Where does that leave art journalism?
It leaves it where it has been festering for a while. A self-righteous, glorified Page Six. A place where “failed” artists can pivot, trade in their brushes for bylines, and build power among their peers. A place in the pockets of the top one percent of galleries, artists, and dealers who use it as their own personal rocket launcher against opposition. After a lawsuit. As a device in a smear campaign. As a tool for a hostile takeover. Or whatever else these weirdos cook up in their free time.
I have been targeted by the art press myself. Nate Freeman, who now works at Vanity Fair stuffing his nose up the rich and famous. Ann Binlot from Document Journal, who runs on some kind of BIPOC “model minority” oppression complex, simmering over the black girl who got more attention from weird men she wanted recognition from. And the weirdo who runs Cultbytes.

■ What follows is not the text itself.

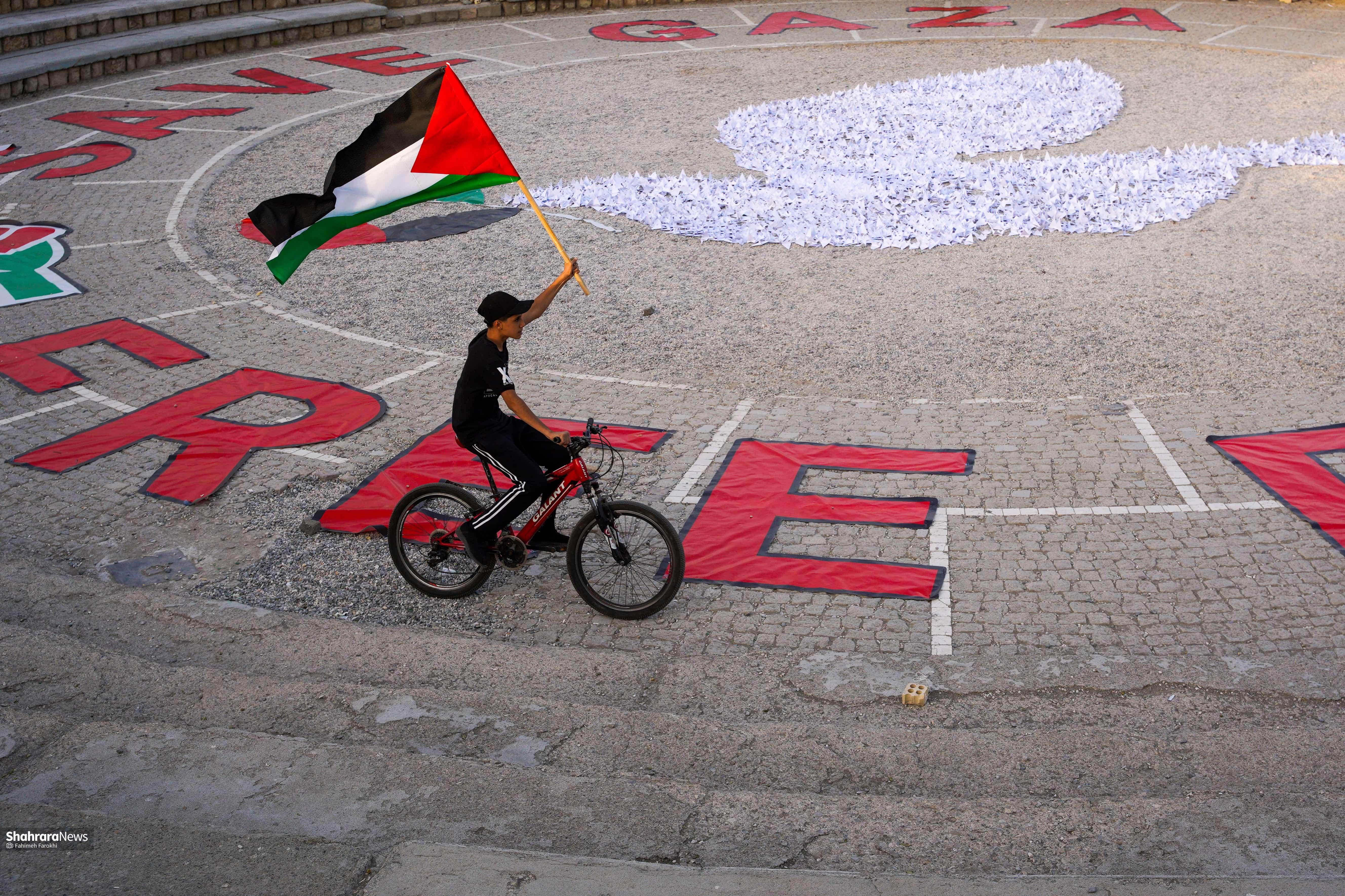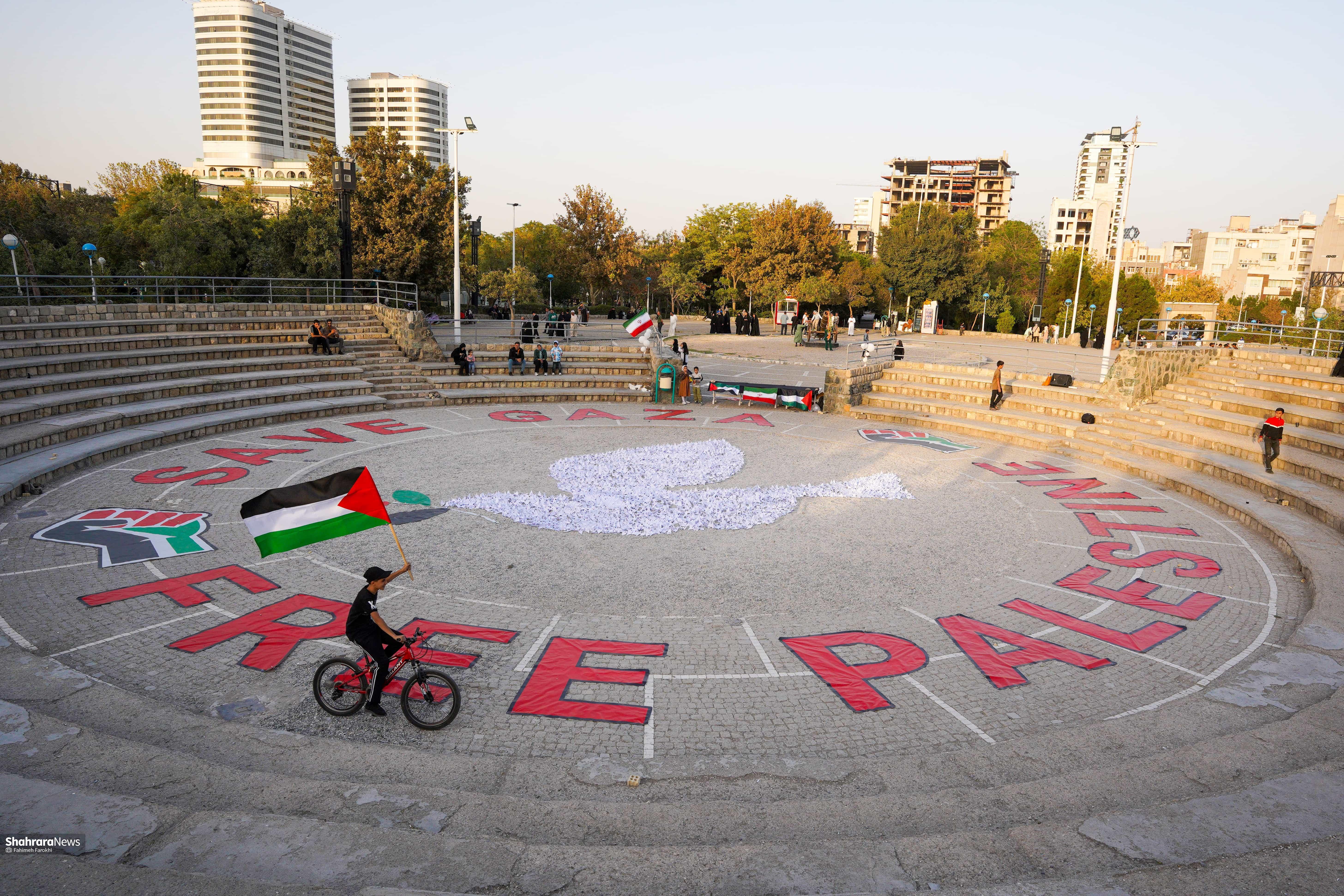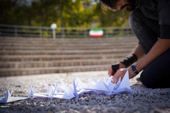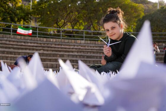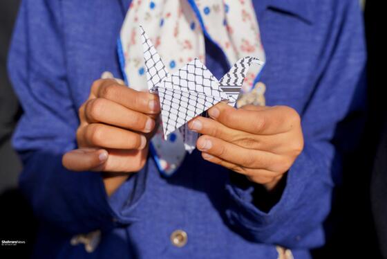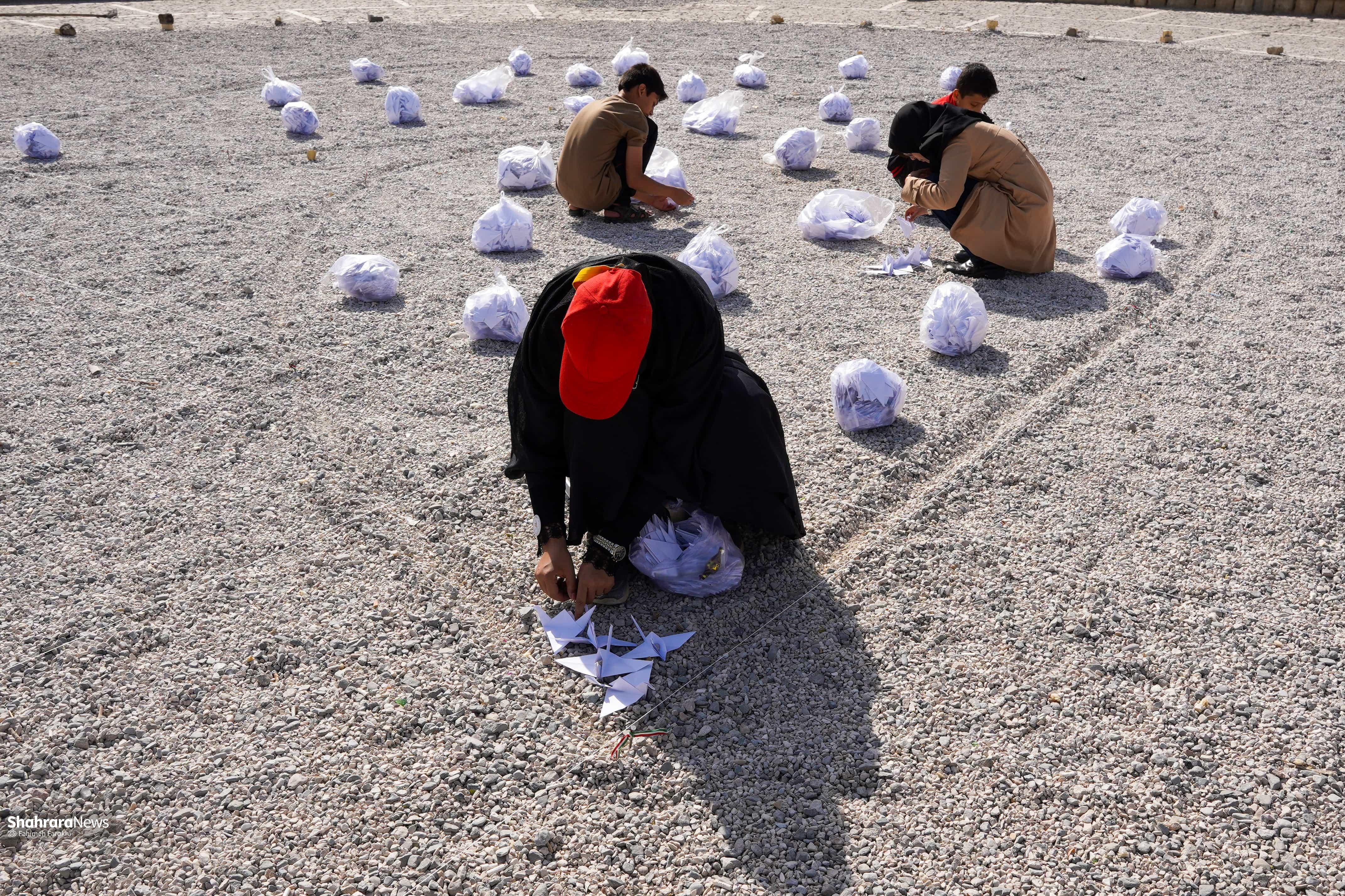 ۴هزار درنای کاغذی در بوستان کوهسنگی مشهد صدای فریاد مظلومیت کودکان غزه است

None of them have journalistic integrity. But that is not surprising, because art journalism itself does not have journalistic integrity. It is a glorified blog. A place where a critic’s pick on Artforum might earn you fifty dollars, if you are lucky. These supposed journalists decide what to write about based on the perks they receive. It is not just that journalists are being bought and sold. They are openly advocating to be used by the rich and powerful.
Jay Penske, son of Roger Penske and head of Penske Media Corporation, owns nearly all major entertainment media outside of social media. His most impressive position is probably as the largest shareholder in Vox Media. The acquisition of Art in America, ArtNews, and Artforum might seem impressive until you realize how out of sync those publications are with the rest of the company’s portfolio. Not because of their content, but because of the basic numbers, the ability to inflate impressions dramatically, launder prestige for the art world, and contribute to an oversaturated market that makes the truth harder to see.
Art journalists are not even pressured through old fashioned intimidation anymore. They are overwhelmed with impressions, with access, with the promise of proximity.
Artnet’s Wet Paint, a weekly column run by Annie Armstrong, reads like the ketamine addicted version of the corpse of Vice Magazine, so desperate to maintain a shred of counterculture lore that even neo-fascism is openly used and embraced. Dealers like Matthew Brown are mentioned, though no one really cares about the art dealer beyond the fact that his grandfather is an oil baron and he is married to Marlene Zwirner( David Zwirner daughter). Framing them as a "power couple" has no bite. It is not aspirational. It is formulaic.
When Johnny Depp and Kate Moss were rolling around in bed in 1994, it was sex appeal. This is not that. There is no sex appeal in that marriage. Maybe money. The kind of money any rich kid can access by opening a gallery. But there is nothing cool about it.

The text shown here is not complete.